Foraging kinetics of C.elegans.

(a) Average experimental population reorientation rate (black line) in a rolling 2 min window. Blue bins represent probability of observed reorientation rate. (b) Abrupt transitions were identified by performing two linear regressions on observed reorientation curves. Transition times (trans) were defined by the intersection of the regressions (dashed line). The slopes of the two regressions are s1 and s2. (c) An example of an experimental reorientation curve with an abrupt reorientation transition (marked by vertical line). (d) An example of an experimental reorientation curve that lacked an abrupt reorientation transition. (e) Distribution of slope differences and transition times from regressions fit to the experimental data. Individual data points are individual reorientation data for each worm. Insets are individual examples of experimental cumulative reorientation curves. Number of worms (N)=1631. Dashed line represents the median slope difference. All data curated from López-Cruz et al., 2019.

Stochastic modeling of foraging kinetics of C. elegans.

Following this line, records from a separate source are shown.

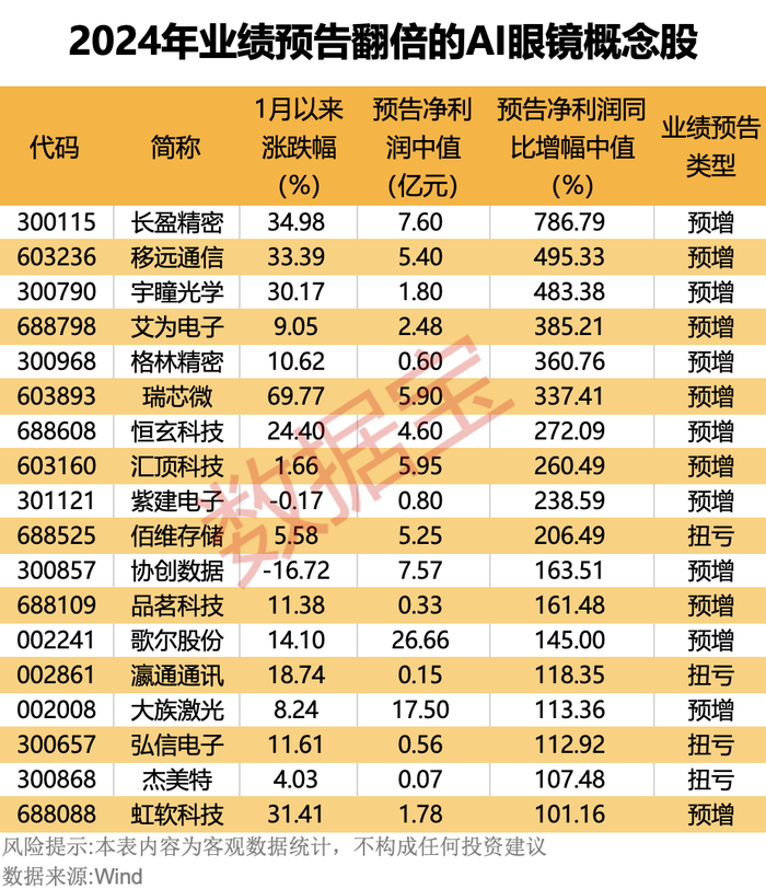 受益于消费电子景气度回升,部分AI眼镜概念股2024年业绩向好。
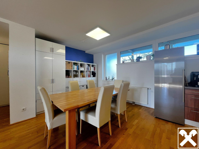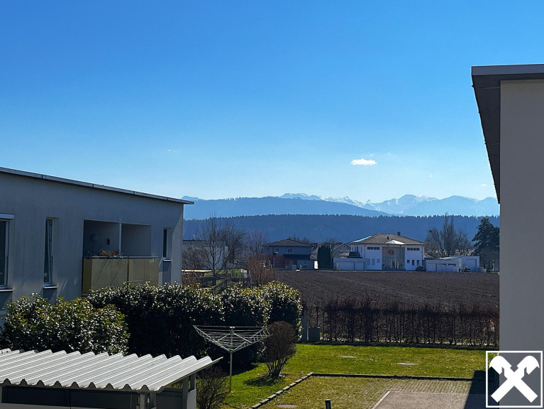 Ein besonderes Highlight ist die gemütliche Loggia mit wunderschönem Blick auf das beeindruckende Höllengebirge – perfekt zum Entspannen nach einem langen Tag.
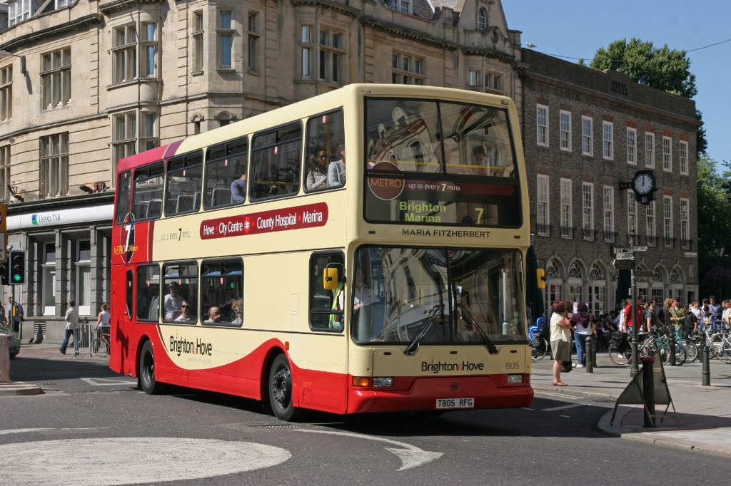 Go-Ahead Brighton and Hove 1999 Dennis Trident No.805 (T805RFG) 'Maria Fitzherbert' seen in Castle S...

(a) Outline of the Gillespie algorithm. Step 1: Two random numbers (r1 and r2) are drawn from a uniform distribution [0,1]. Step 2: The time interval for a new event (τ) is randomly assigned based on the total propensities (a0) and r1. Step 3: The event i (either a decay of M (M←M-1) or a new reorientation (Ω←Ω+1)) at t + τ is determined by the probability (P(i)) of the event i occurring. This probability is determined by the relative propensity (ai/a0) of the event i. (b) (Top) The parameters α, β, and γ are assigned based on fitting a decay curve (red) to the observed average reorientation rate (blue). Dashed lines are + and – standard deviation. (Bottom) Average model population reorientation rate (black line) in a rolling 2 min window. Red bins represent the probability of observed reorientation rate. N=1631, α=1.49 min–1, β=0.1937 min–1, γ=0.11 min–1. (c) (Top) An example of a modeled abrupt reorientation transition. (Bottom) An example of a modeled reorientation curve that lacked an abrupt reorientation transition. Red data are cumulative reorientations and orange data are M. (d) Distribution of slope differences and transition times from regressions fit to the experimental (blue) and modeled (red) data. Individual data points are individual reorientation data for experimental (blue) or in silico (red) worms. Insets are individual examples of experimental and modeled cumulative reorientation curves. Dashed line represents the median experimental slope difference. (e) Examples of experimental (blue) and modeled (red) cumulative reorientation curves for individual worms, with similar stochastic dynamics. For each example drawn from experiments (blue), the in silico worm with the highest correlation from N=1631 iterations is shown (red). Sudden changes in rate are indicated with arrows. M for each example is shown in orange. (f) Examples of modeled data when the reorientation rate is constant (α=1.5). Sudden changes in rate are indicated with arrows.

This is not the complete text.